→ **Data excerpts**
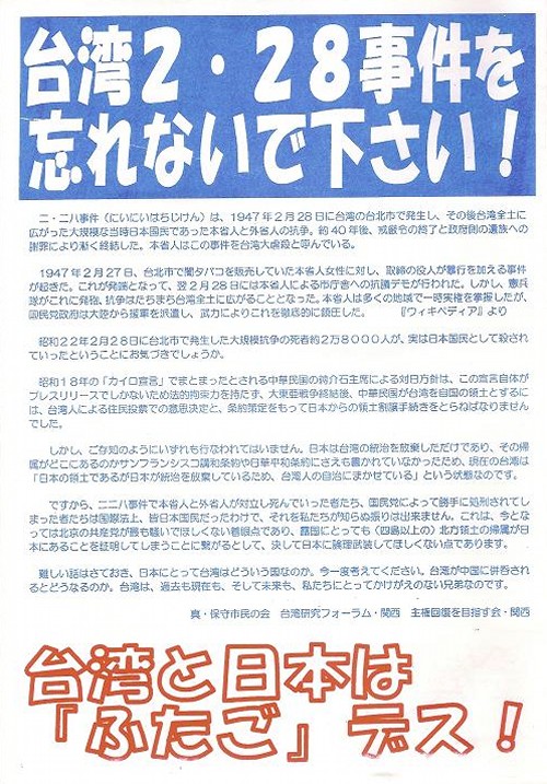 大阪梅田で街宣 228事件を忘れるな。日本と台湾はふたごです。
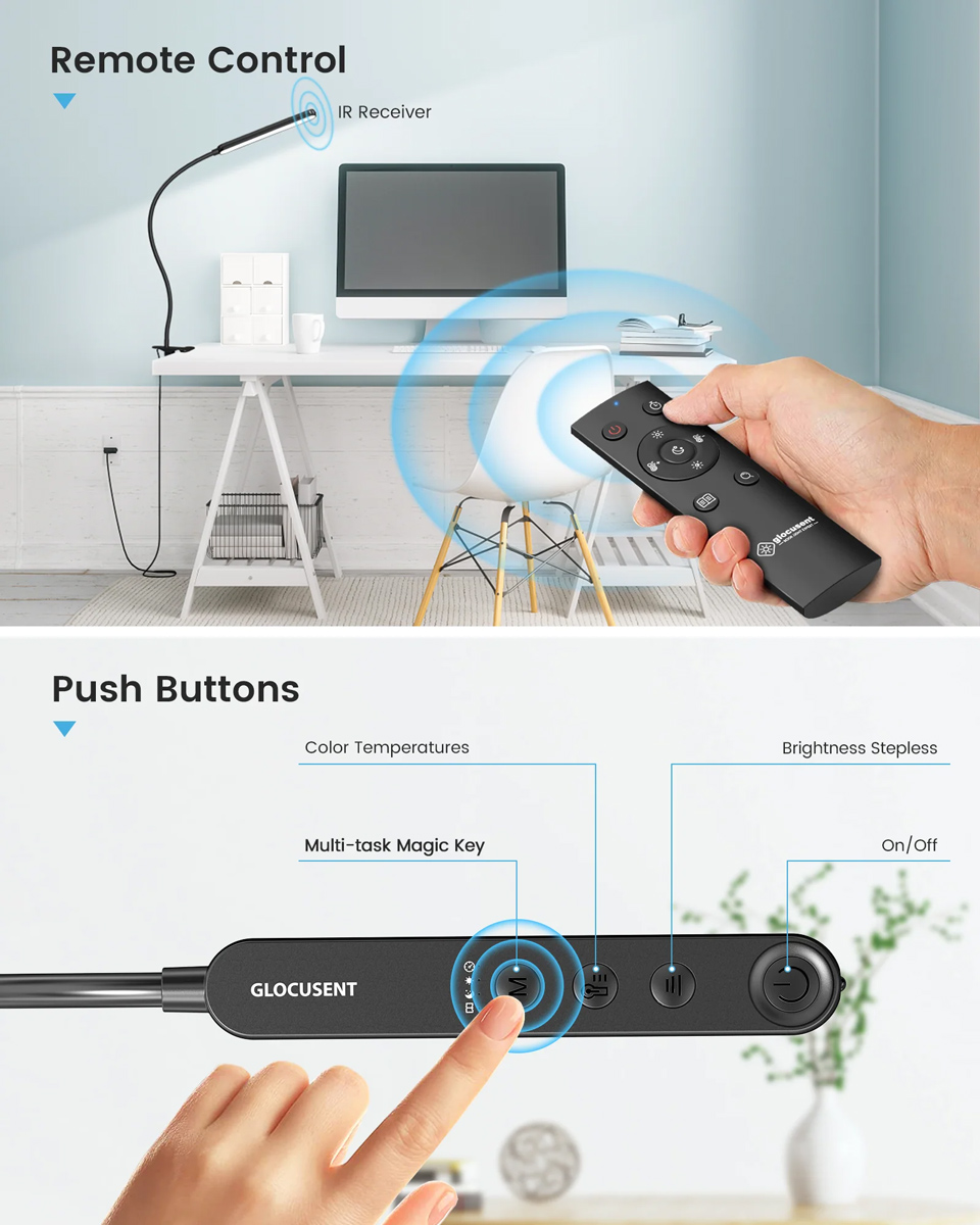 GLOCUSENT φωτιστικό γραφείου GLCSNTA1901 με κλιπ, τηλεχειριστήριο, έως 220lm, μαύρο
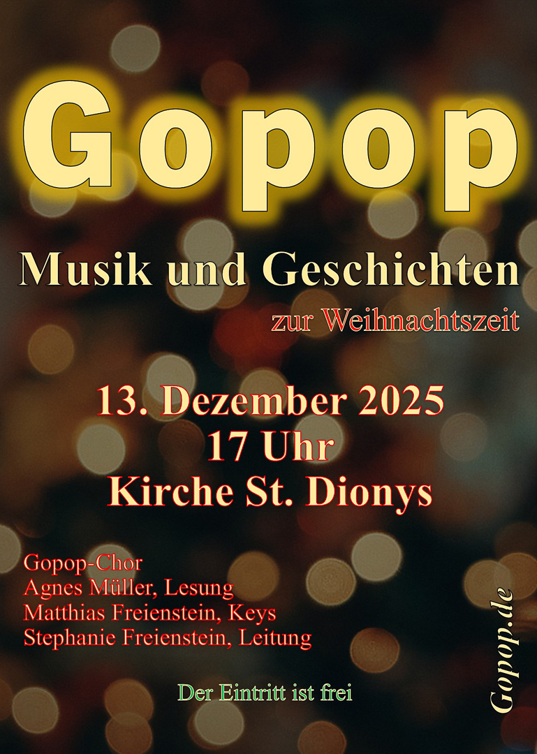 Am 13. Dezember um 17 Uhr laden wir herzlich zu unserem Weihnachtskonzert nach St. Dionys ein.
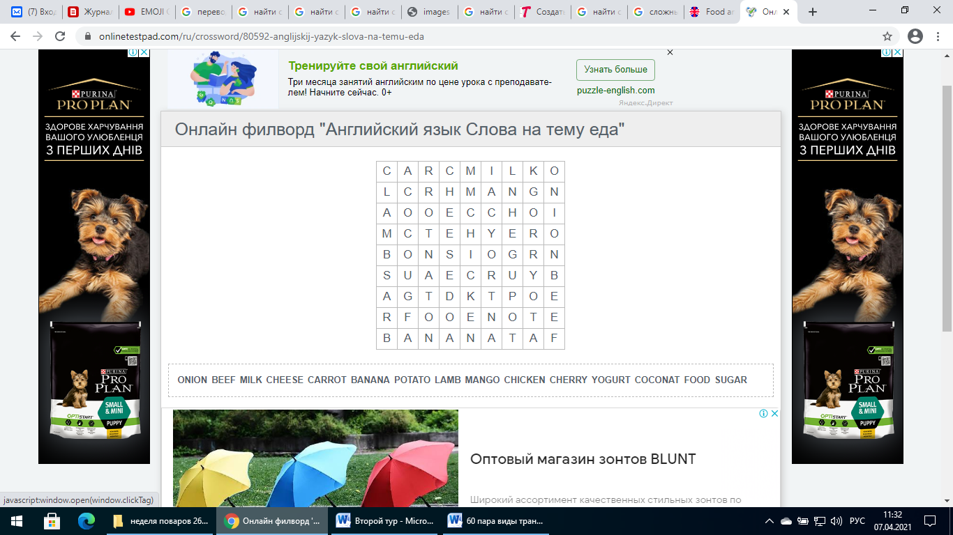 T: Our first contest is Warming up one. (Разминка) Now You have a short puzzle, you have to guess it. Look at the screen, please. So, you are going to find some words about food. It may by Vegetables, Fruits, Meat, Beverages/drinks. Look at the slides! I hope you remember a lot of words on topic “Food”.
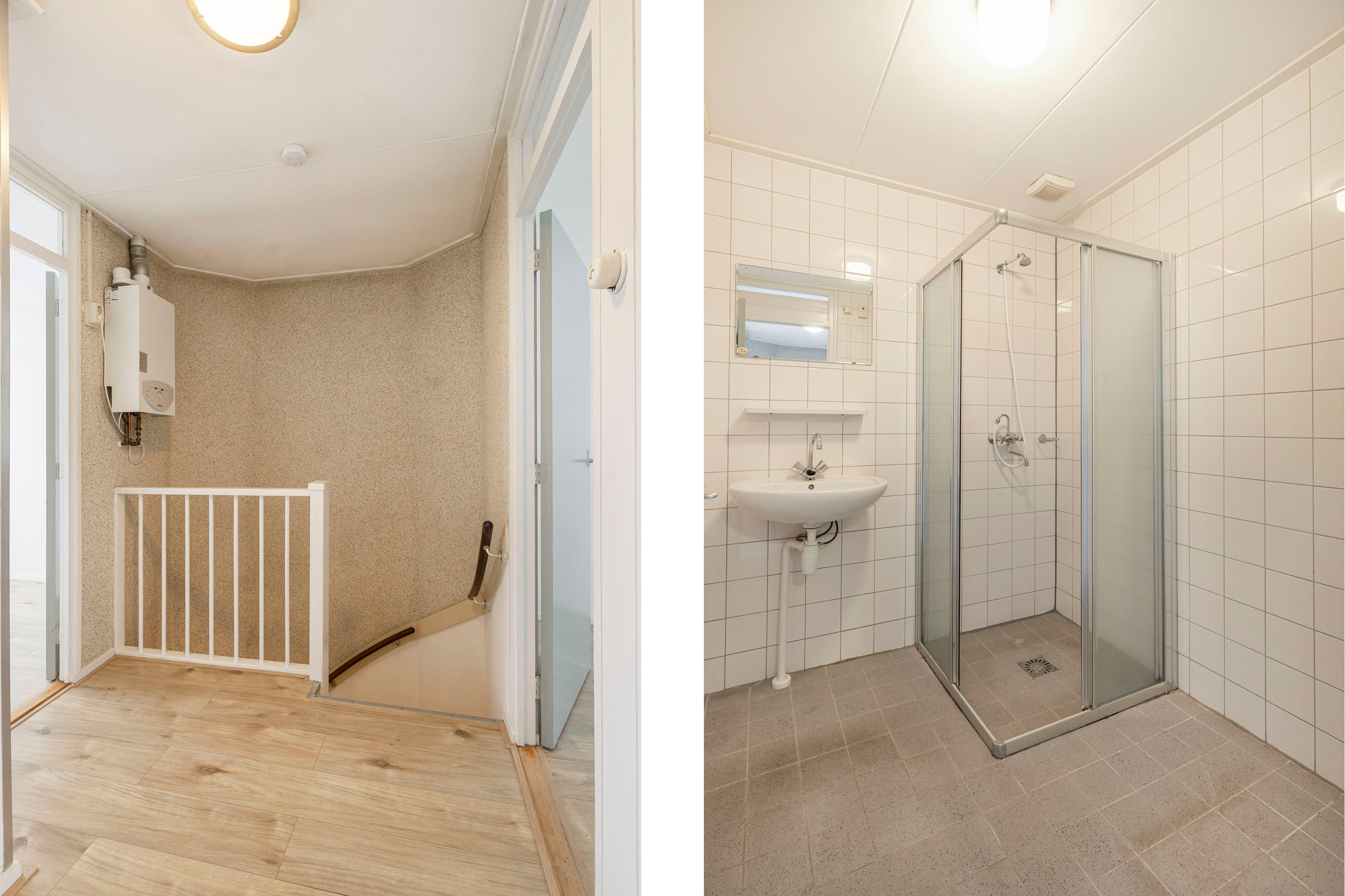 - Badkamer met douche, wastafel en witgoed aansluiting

→ **Action item**
Reproduce word for word the lines from the line holding "GLOCUSENT φωτιστικό γραφείου" through the last line of the material above, inclusive, and keep pictures out of it.

→ **Your solution**
 GLOCUSENT φωτιστικό γραφείου GLCSNTA1901 με κλιπ, τηλεχειριστήριο, έως 220lm, μαύρο
 Am 13. Dezember um 17 Uhr laden wir herzlich zu unserem Weihnachtskonzert nach St. Dionys ein.
 T: Our first contest is Warming up one. (Разминка) Now You have a short puzzle, you have to guess it. Look at the screen, please. So, you are going to find some words about food. It may by Vegetables, Fruits, Meat, Beverages/drinks. Look at the slides! I hope you remember a lot of words on topic “Food”.
 - Badkamer met douche, wastafel en witgoed aansluiting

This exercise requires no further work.